Daiki Ishimori, der 30-jährige Präsident des in Tokyo ansässigen Unternehmen Gehirn Inc., stammt aus Ishinomaki in der Präfektur Miyagi. Die Präfektur wurde 2011 von einem Erdbeben und anschließenden Tsunami verwüstet. Der Entwickler ist Evangelion-Fan seit der Junior High School, der die gesamte Serie bereits mehr als 50 Mal angesehen hat. Außerdem besitzt Ishimori die komplette Manga-Reihe in zweifacher Ausführung, einmal zum Lesen und eine Edition zur sicheren Aufbewahrung.
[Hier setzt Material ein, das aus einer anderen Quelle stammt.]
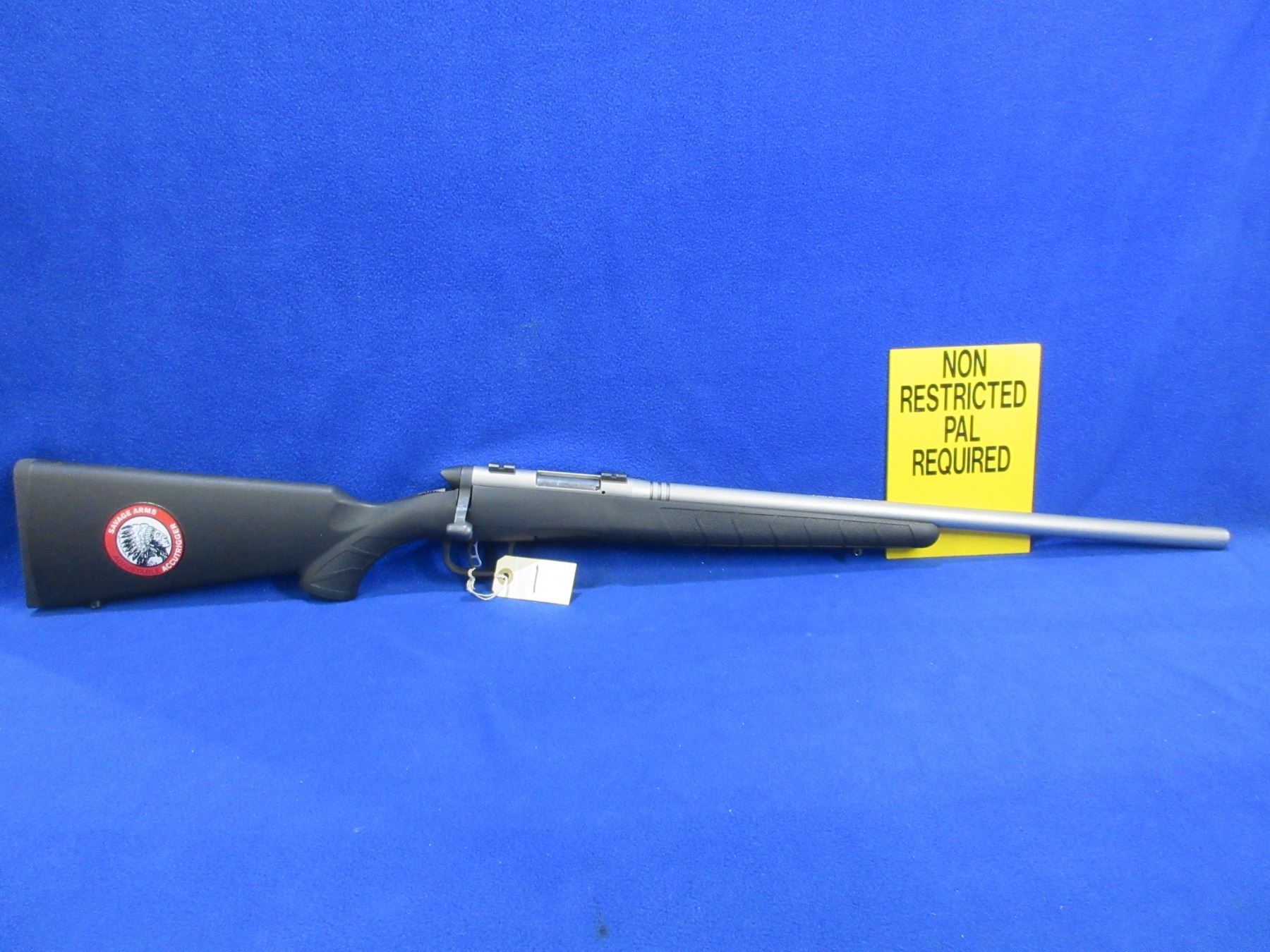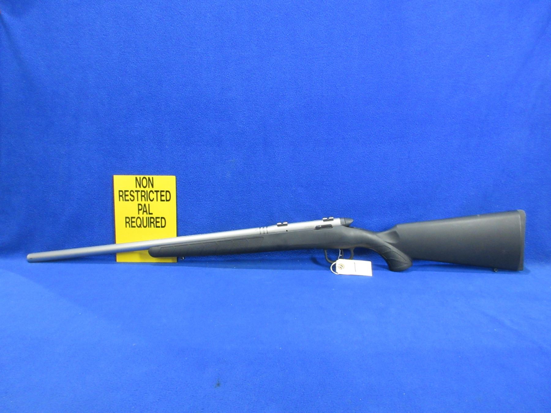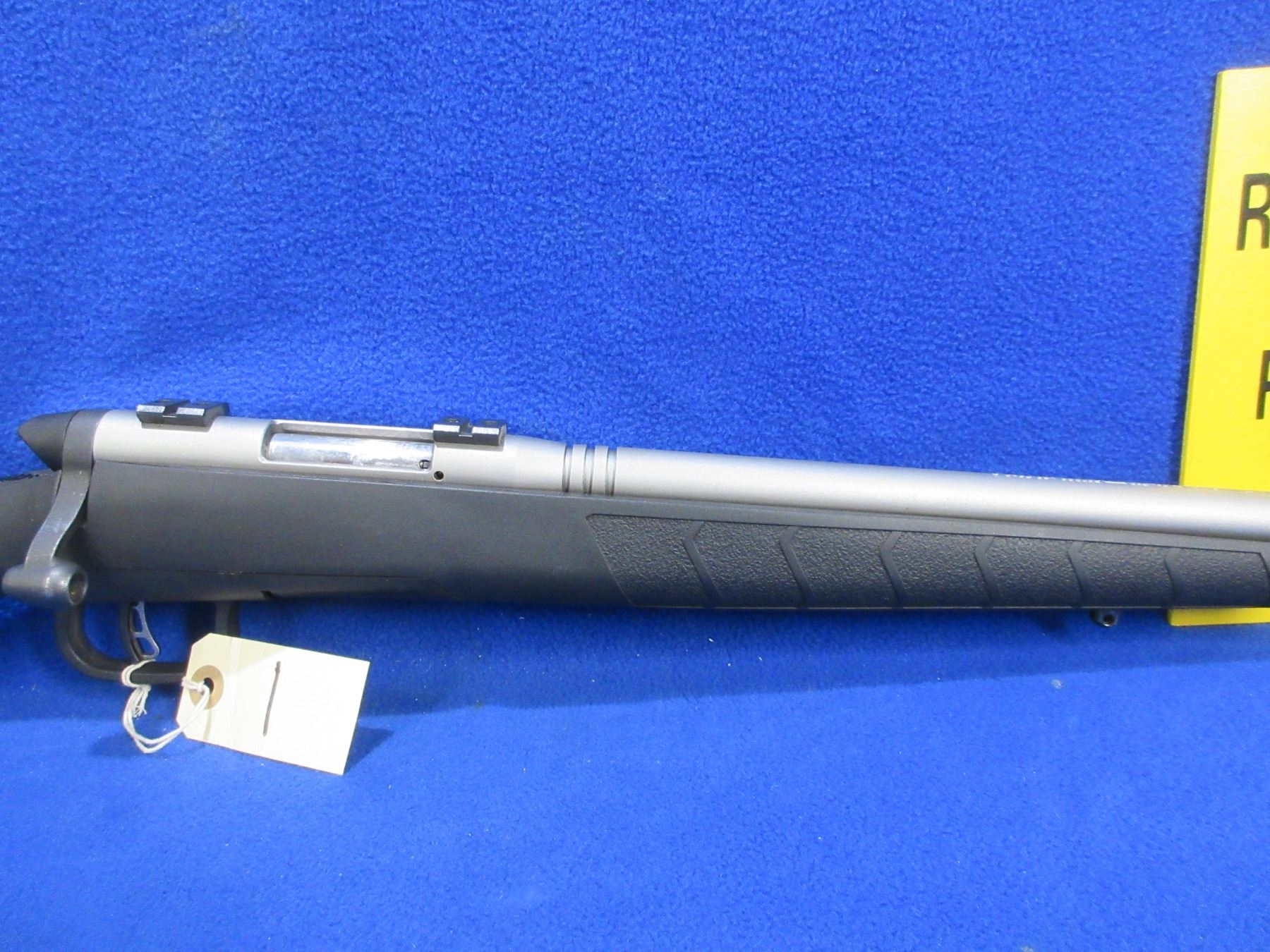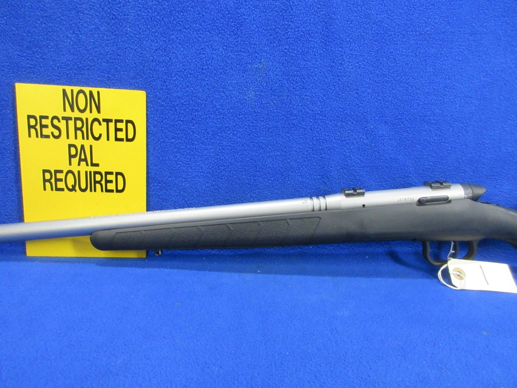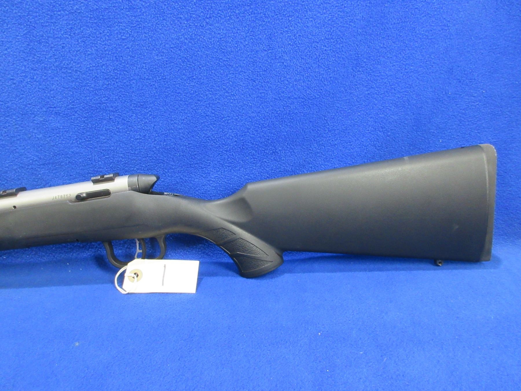 Non-Restricted - Savage B-Mag in 17 WSM - This is a bolt action rifle with removable rotary magazine and AccuTrigger, action appears to be in good to very good working order. Heavy barrel is 22", rifling is very good, Stainless Matte finish is good to very good, has no sights but has Weaver style bases, synthetic stock is good to very good, length of pull is 14", rubber butt plate good, comes with swivel studs. Ser # J478752

2010 eröffnete Ishimori einen Twitter-Account unter dem Namen NERV, um Informationen über das Wetter und andere Informationen zu teilen. 2011 war Ishimori selbst in Tokyo, als das große Erdbeben Ostjapan verwüstete. Er konnte keinen Kontakt zu seiner Familie herstellen und musste sich per TV und Twitter über Informationen aus der Region versorgen. Ishimoris Familie konnte sich in Sicherheit bringen, das Haus der Familie wurde beim Tsunami zerstört. Ein High-School-Freund Ishimoris sowie ein Verwandter verloren bei der Katastrophe ihr Leben.

Warn-App im Anime Style
NERV Wetter-Warn-App Bild: Gehirn Inc.,

Katastrophen-Warn-App für einzelne Regionen

Während dieser Zeit erhielt der Japaner über seinen Twitter-Account viele Nachrichten. Oftmals ging es in den Anfragen darum, relevante Informationen zu erhalten. Schon damals entstand die Idee, eine App zu entwickeln, die solche Daten für bestimmte Gebiete zur Verfügung stellte, allerdings war sich der Programmierer nicht sicher, ob er auch den Anime in das Konzept einarbeiten sollte.

Bei einem Treffen eingefleischter Evangelion-Fans kam dieses Thema ebenfalls zur Sprache und die Entscheidung war getroffen. Ishimori wandte sich an das Unternehmen, das die Copyright-Rechte des Anime verwaltet und stellte seine App vor. Von dort wurde er ebenfalls ermutigt, den Namen NERV zu verwenden. Der Japaner begann Informationen zur Katastrophenvorsorge mit Elementen des Evangelion-Anime zu verbinden.

Die App wurde im September 2019 veröffentlicht und erreichte im Oktober 2020 die Marke von einer Million Downloads. Ishimori ist sich sicher, dass sich die App noch als nützlich erweisen wird. Einige erste positive Rückmeldungen von Nutzern hat er bereits erhalten, was ihn in seiner Arbeit bestärkt. Der Programmierer sagt, dass man zwar Naturkatastrophen nicht verhindern kann, allerdings könne man den Menschen ein sicheres Warnsystem in die Hand geben, das hilft, Schäden weitestgehend zu reduzieren.